### What needs to be done
Beginning with the line containing "тип декору (частіше" and ending with the line containing "Czyt. str. 14", write out each line of the records below exactly; pictures and lines outside that range are left out.
BEGIN Available records
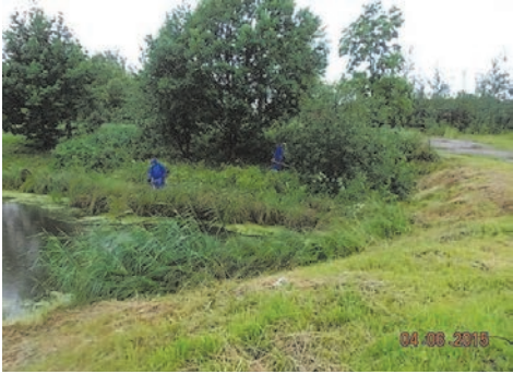
покос травы ул. Пионерстроа д.29
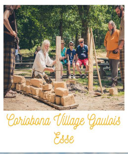
Coriabona Village Gaulois Esse
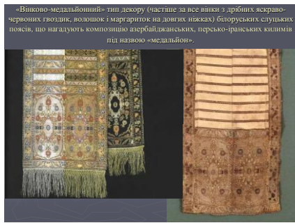
«Вінково-медальйоний» тип декору (частіше за все вінки з дрібних ясно-червоних гвоздик, волошок і маргариток на довгих ніжках) білоруських случьких поясів, що нагадують композиційно азербайджанських, персько-іранських килимів під назвою «медальйон».
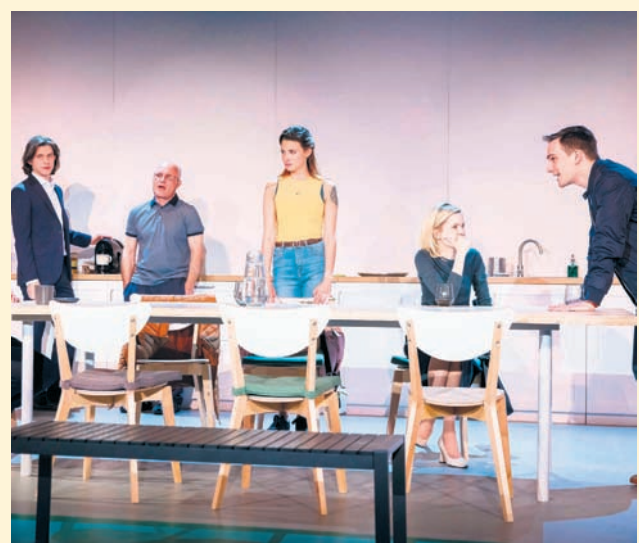
Czyt. str. 14
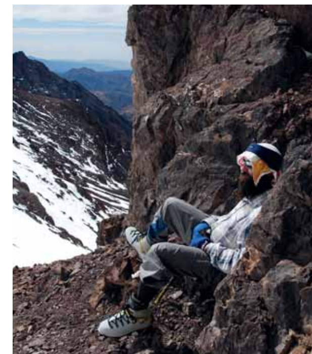
PIHENŐ A N'OUANOUKRIM-HÁGÓ (3750 m) fölötti gerinc egyik sziklatornjának tövében (jobbra)
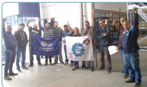
BREKLER Assistentes do Teco
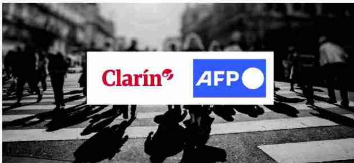
Clarín AFP Agencias
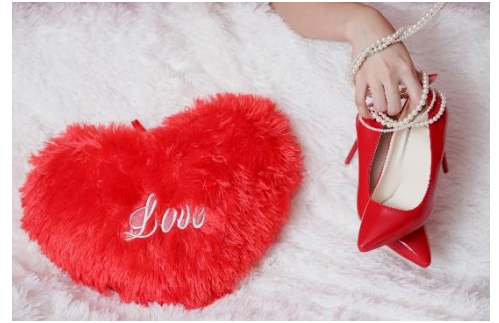
▲「Rouge Red Room」イメージ画像
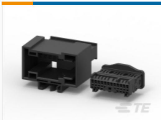
TE 产品编号7-2177543-7 MQS 连接器外壳
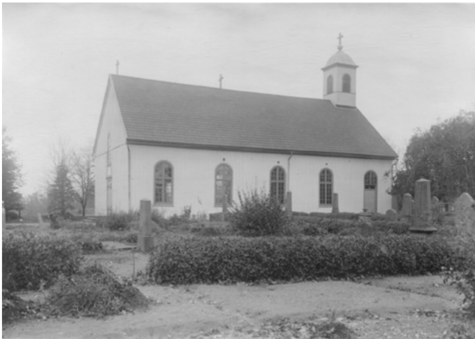
Den sydvästra delen av kyrkogården, sannolikt någon gång i början av 1900-talet. Gravplatserna är grusade och omges av låga häckar.

I läns museets och riksantikvarieämbetets arkiv finns några få äldre bilder från Gullabo kyrkogård. Samtliga bilder är odaterade och visar den sydvästra delen av kyrkogården. På bilderna syns att gångarna var belagda med grus eller sand och att även gravplatserna hade samma ytbeläggning. Häckar och, i något fall, staket av järn omgärdar de enskilda gravplatserna. Vid många av gravplatserna finns höga vårdar av svart eller grå granit – en typ som blev vanlig i 1800-talets slut då den industriella tillverkningen av gravvårdar tog fart. Troligen fanns på den gamla kyrkogården en uppdelning av köpta och allmänna gravar. Av dagens struktur kan man sluta sig till att det fanns både familjegravar och allmänna gravar i kvarter C och D under 1900-talets första hälft.
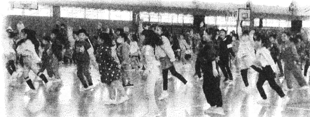
ダンスを交えながら、学習について紹介しました
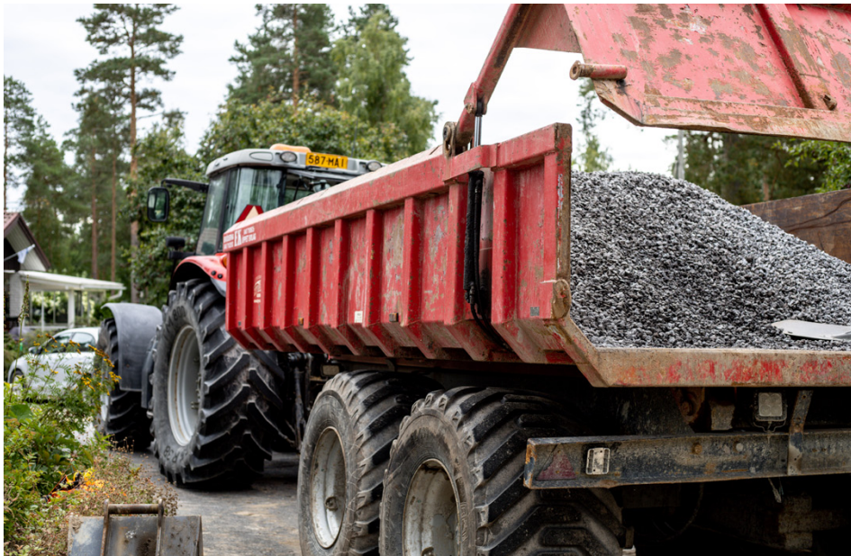
RSW Byggtjänst har en egen traktor till förfogande.
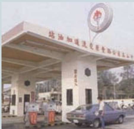
中山高速公路加油站加油一般勞務
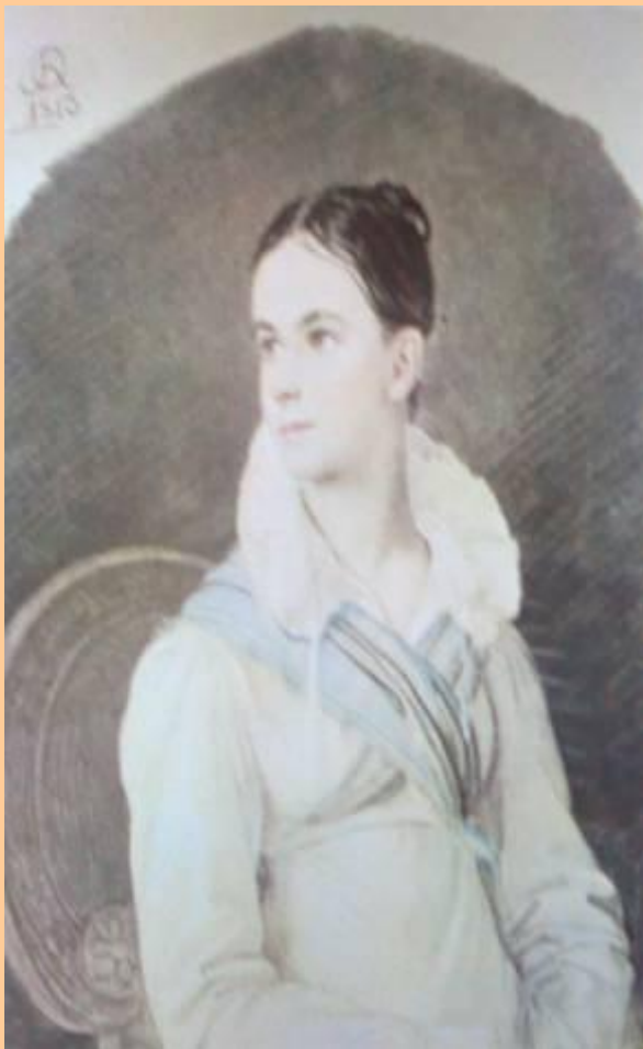
Экспрессионный портрет Кочубей.
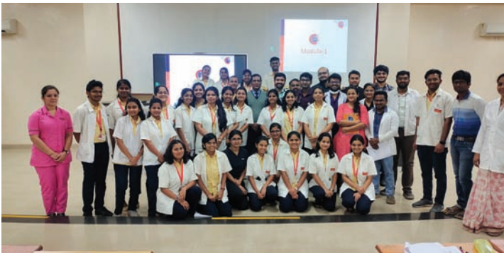
इनर सर्कल प्रोग्रॅममध्ये सहभागी झालेले ज्युनिअर रेसिडेन्ट्स, इंटर्न्स आणि फिजिओथेरेपी विद्यार्थी

इनर सर्कल प्रोग्रॅमची कार्यशाळा दि. १२ फेब्रुवारी २०२३ रोजी भ.क.ल. वालावलकर रुग्णालयातील मेडिकल कॉलजेमध्ये ज्युनिअर रेसिडेन्ट्स, इंटर्न्स, फिजिओथेरेपी विद्यार्थ्यांसाठी घेण्यात आली. इनर सर्कल प्रोग्रॅममध्ये सहानुभूतीने रुग्ण हाताळण्याचे कौशल्य विकसित करणे, रुग्णाबद्दल सहानुभूती आणि संवाद, याविषयी मार्गदर्शन करण्यात आले. ही कार्यशाळा 'डॉ. रेड्डीज लॅबोरेटरीज'द्वारे आयोजित करण्यात आली होती.
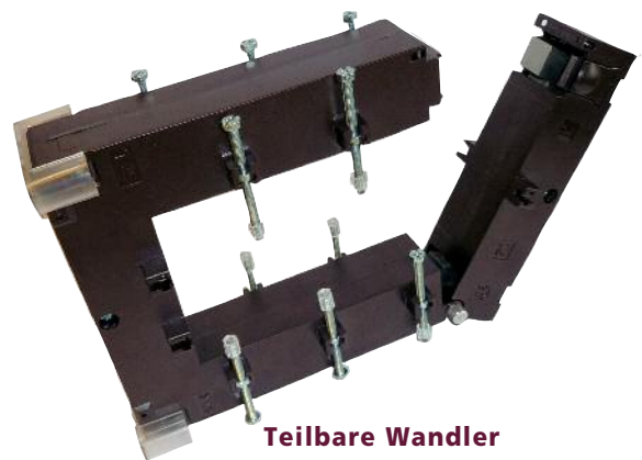
Teilbare Wandler Open-core
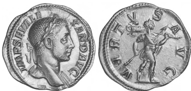
Abb. 10b Aureus des Severus Alexander, Rom, 228 n. Chr., Rückseite: Romulus mit Tropeum, Legende: VIRTVS AVGVSTI, Privatsammlung

siedelte distanziert-gedankliche Ebene, auf der sich solche Bilder bewegen konnten, noch zusätzlich deutlich.
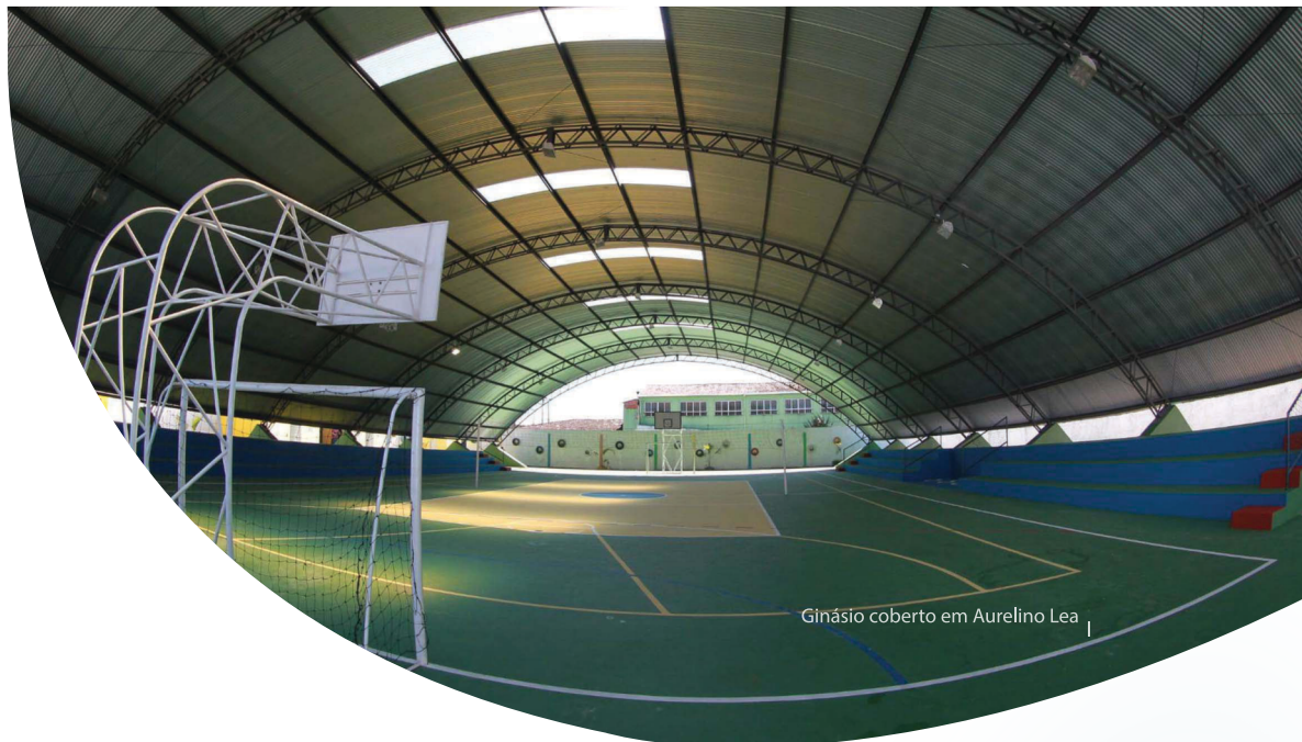
Ginásio coberto em Aurelino Lea
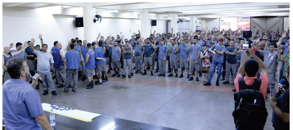
Em função da crise na indústria da borracha, trabalhadores da Bridgestone aprovam Lay Off na Assembleia realizada em 25 de setembro, na subsele do SINTRABOR, em Santo André
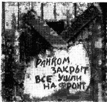
Дверь райкома РКСМ. 1919 г.
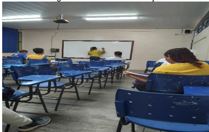
Figura 1 – Fase de observação
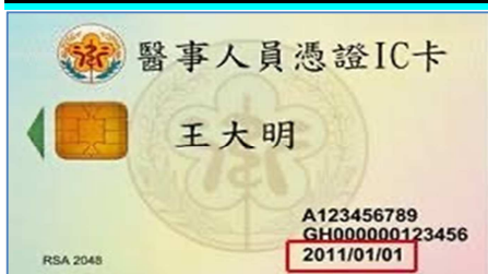
醫事人員憑證 IC 卡
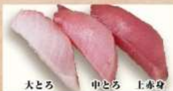
大とろ 中とろ 上赤身
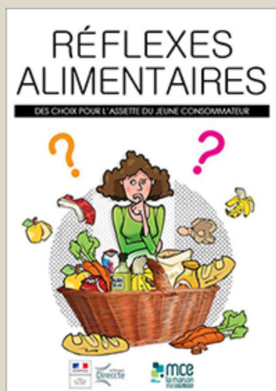
Réflexes alimentaire : des choix pour l'assiette du jeune consommateur
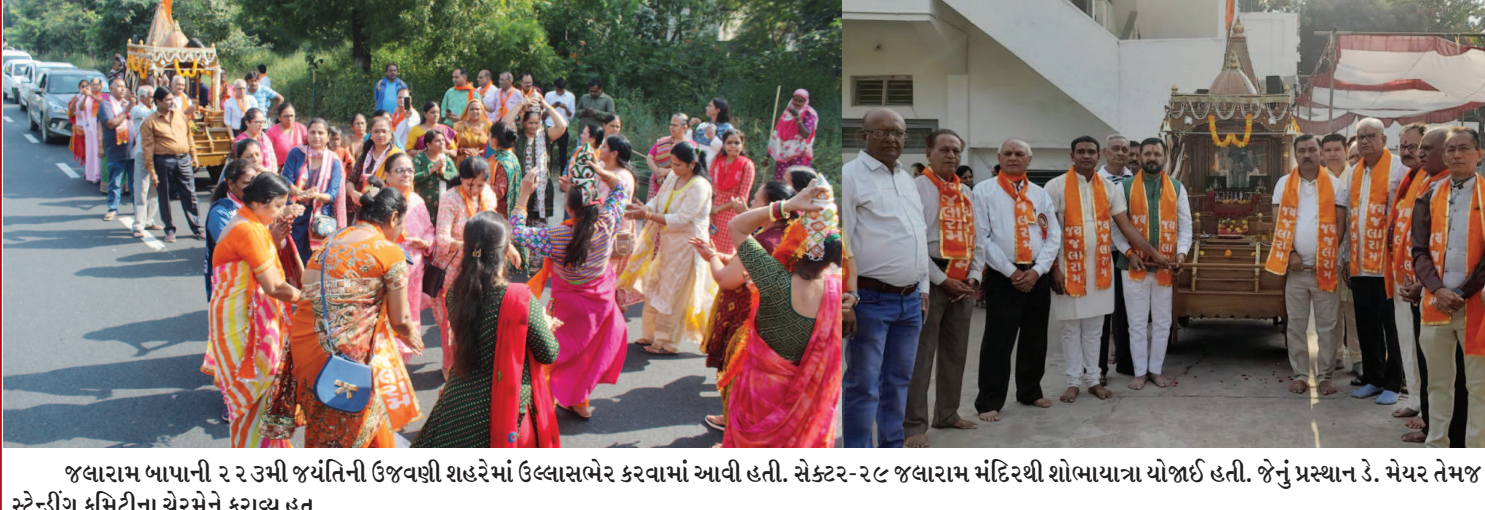
જલારામ બાપાની ૨૨૩મી જયંતિની ઉજવણી શહેરમાં ઉલ્લાસભર કરવામાં આવી હતી. સેક્ટર-૨૮ જલારામ મંદિરથી શોભાયાત્રા યોજાઈ હતી. જેનું પ્રસ્થાન કે. મેયર તેમજ સ્ટેન્ડીંગ કમિટીના ચેરમેને કરાવ્યું હતું.
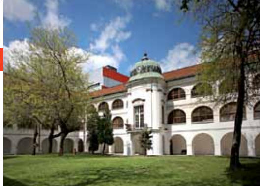
8 Théâtre national slovaque Bratislava Teatro Nazionale Slovacco
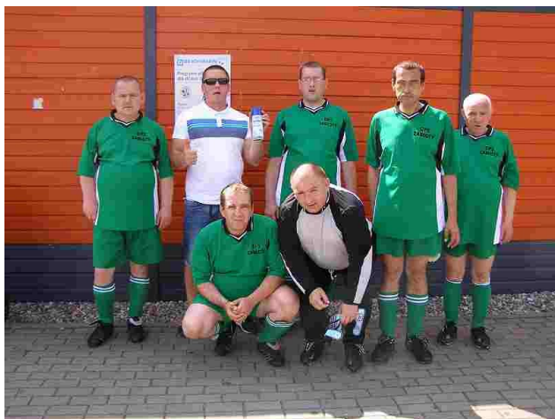
Nasza reprezentacja na SENI

W dniach 2-4 lipca br. reprezentacja piłkarska naszego domu uczestniczyła w Finałowym Turnieju Międzynarodowej Ligi Piłki Nożnej Osób Niepełnosprawnych SENI CUP. Zgodnie z tradycją cały turniej rozpoczęła barwna parada, która prowadziła ulicami Starego Miasta Torunia. Po dotarciu do sceny Muzeum Etnograficznego nastąpiło oficjalne powitanie gości oraz występy artystów cyrkowych. W tym roku wzięło udział aż 300 piłkarzy z dziesięciu krajów. W tak miłej atmosferze minął pierwszy dzień pobytu w Toruniu. Drugi dzień rozpoczął się od rozegrania meczów obserwowanych i przydzielenia zawodników do poszczególnych grup sprawnościowych. Nasi zawodnicy zakwalifikowali się do grupy D, w której rozegrali 3 mecze, z czego udało im się wygrać jeden. W drugim dniu turnieju jeden mecz zakończył się zwycięstwem, a drugi przegraną. Po tych zaciętych pojedynkach piłkarskich nasza drużyna zajęła czwarte miejsce, co wywołało pewien niedosyt oraz
END Available records
### Answer box
«Вінково-медальйоний» тип декору (частіше за все вінки з дрібних ясно-червоних гвоздик, волошок і маргариток на довгих ніжках) білоруських случьких поясів, що нагадують композиційно азербайджанських, персько-іранських килимів під назвою «медальйон».
Czyt. str. 14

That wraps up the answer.